- Goal of the exercise: Word for word, restate the records that come next, omitting the images.

======== Data listing

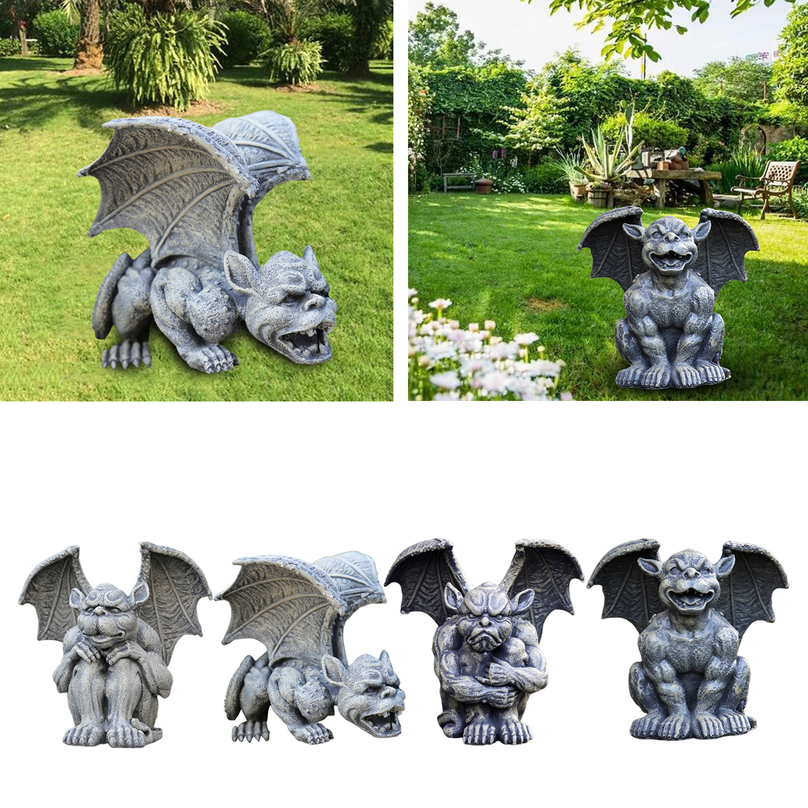 -Украшение гаргойла для сада не только выделяет ваш сад, но и добавляет удовольствия вашей террасе, саду или двору. Вам не придется беспокоиться о его повреждении, он может выдерживать солнечные дни, дождливые ночи и маленькие снежные дни круглый год.
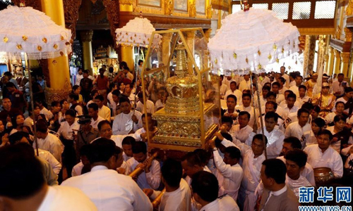 缅甸仰光大金塔盛迎中国赠缅佛牙舍利塔复制品
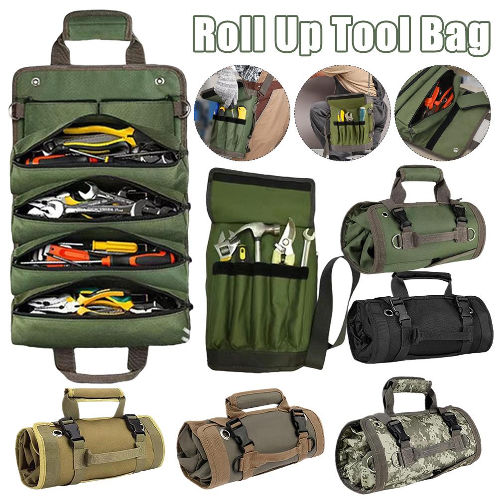 Multifunctional Roll Up Tool Bag Large Capacity Oxford Hanging Tool Bags Wear-Resistant Electrician Hardware Tools Organizer
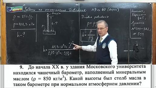 Задача на определение высоты столба масла в барометре.
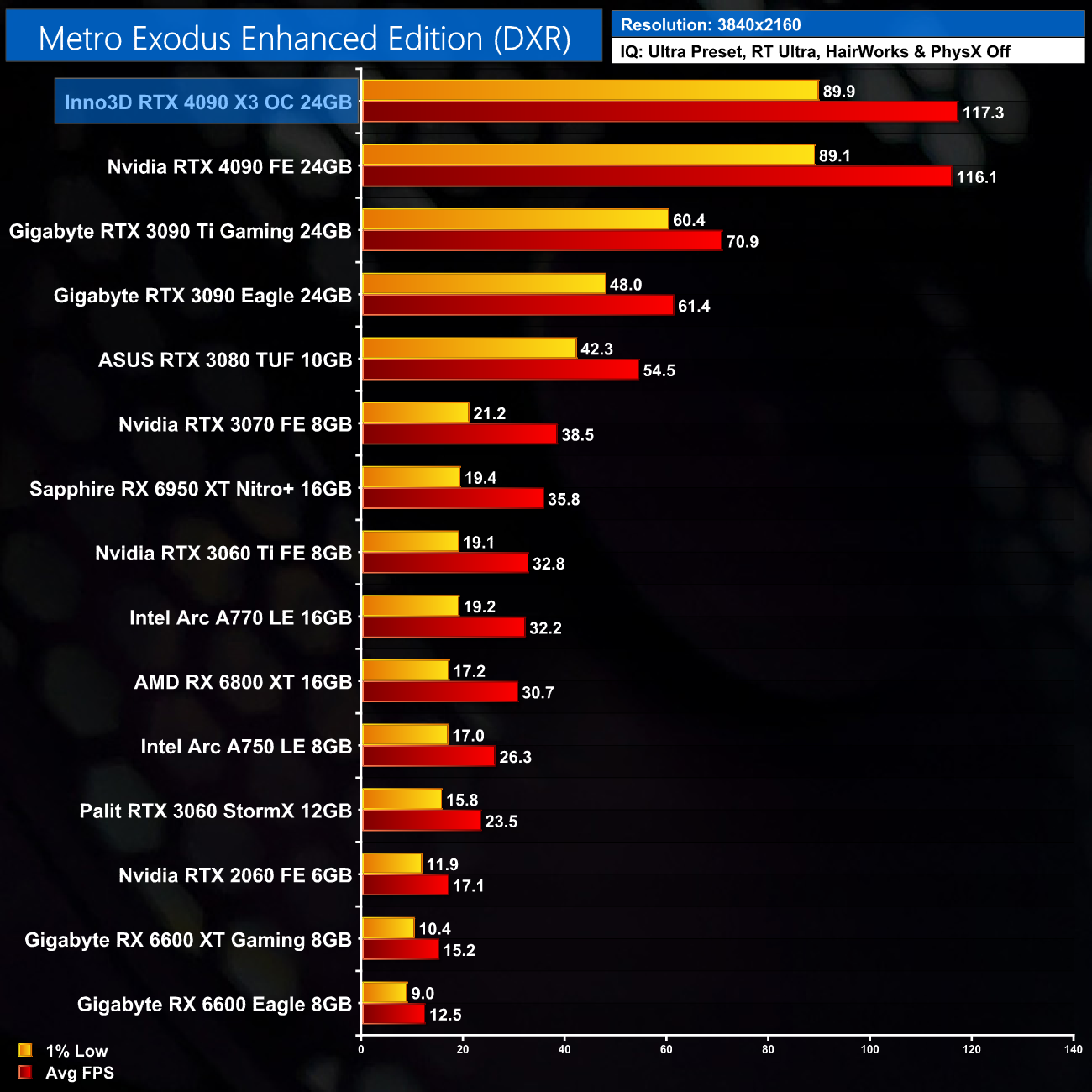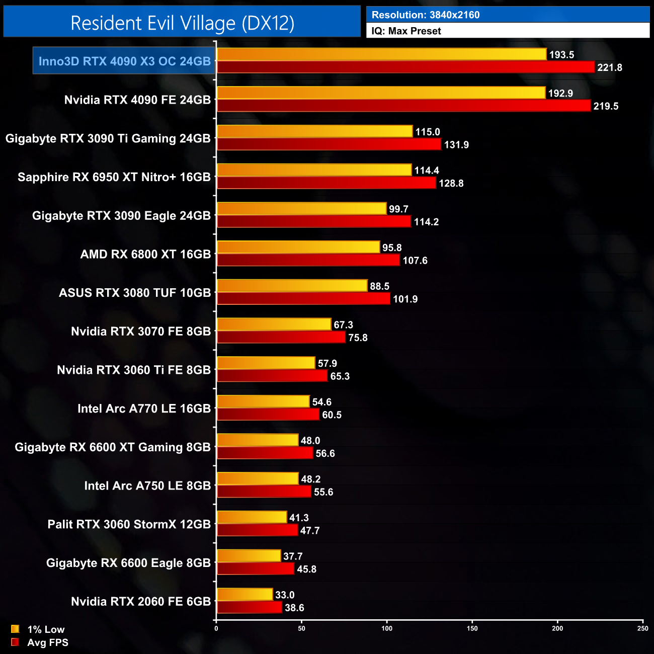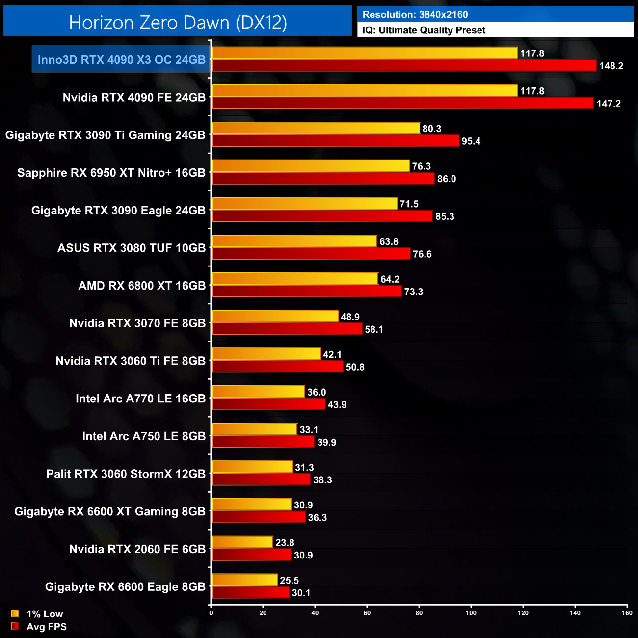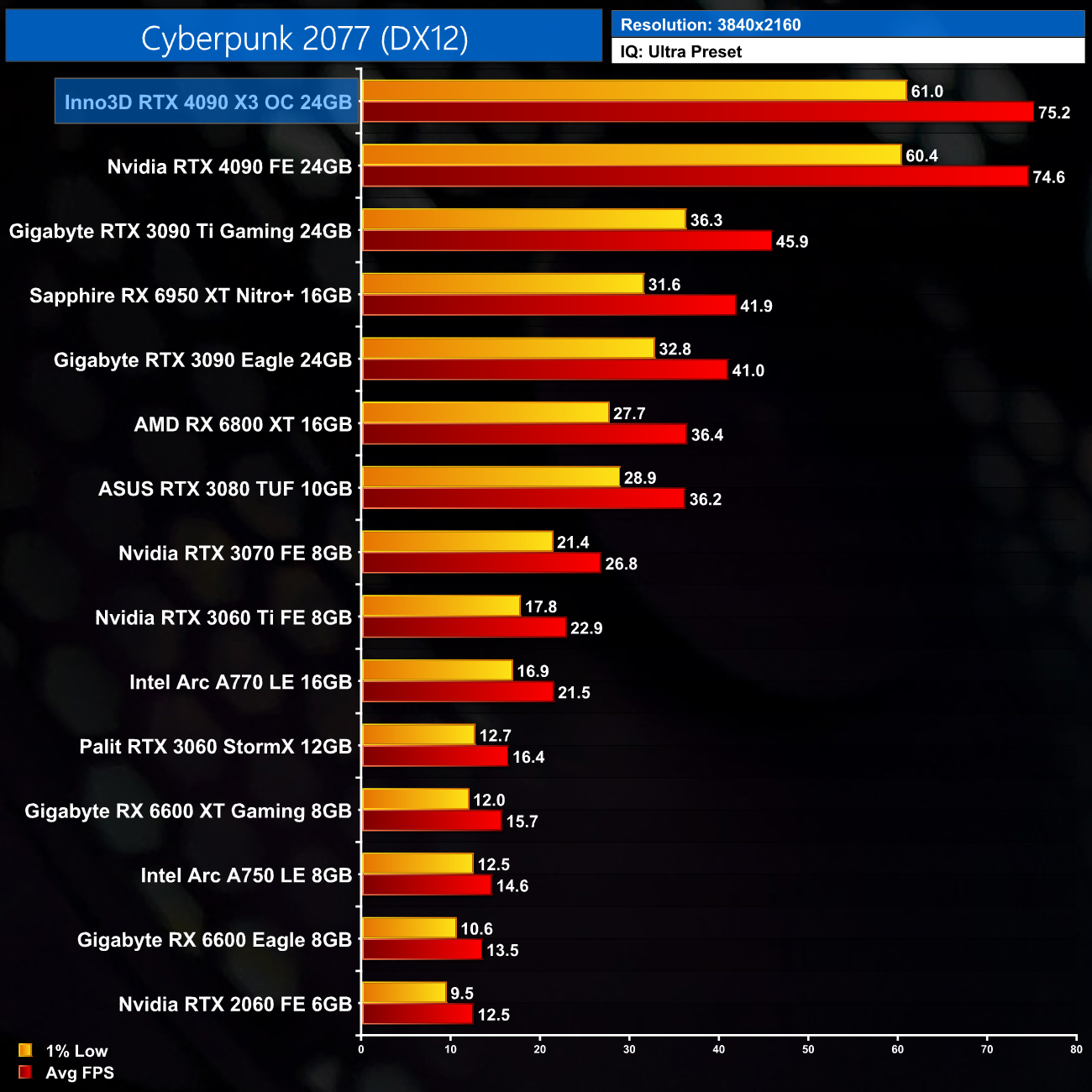 Game benchmarks aren't a huge focus for us in these AIB reviews, for reasons that become clear when looking at the above charts. In a nutshell, the Inno3D RTX 4090 X3 OC is basically as fast as the Founders Edition, offering tiny – circa 1% – gains over the FE, and in some cases even less than that.

================

- Solution to the problem:
 -Украшение гаргойла для сада не только выделяет ваш сад, но и добавляет удовольствия вашей террасе, саду или двору. Вам не придется беспокоиться о его повреждении, он может выдерживать солнечные дни, дождливые ночи и маленькие снежные дни круглый год.
 缅甸仰光大金塔盛迎中国赠缅佛牙舍利塔复制品
 Multifunctional Roll Up Tool Bag Large Capacity Oxford Hanging Tool Bags Wear-Resistant Electrician Hardware Tools Organizer
 Задача на определение высоты столба масла в барометре.
 Game benchmarks aren't a huge focus for us in these AIB reviews, for reasons that become clear when looking at the above charts. In a nutshell, the Inno3D RTX 4090 X3 OC is basically as fast as the Founders Edition, offering tiny – circa 1% – gains over the FE, and in some cases even less than that.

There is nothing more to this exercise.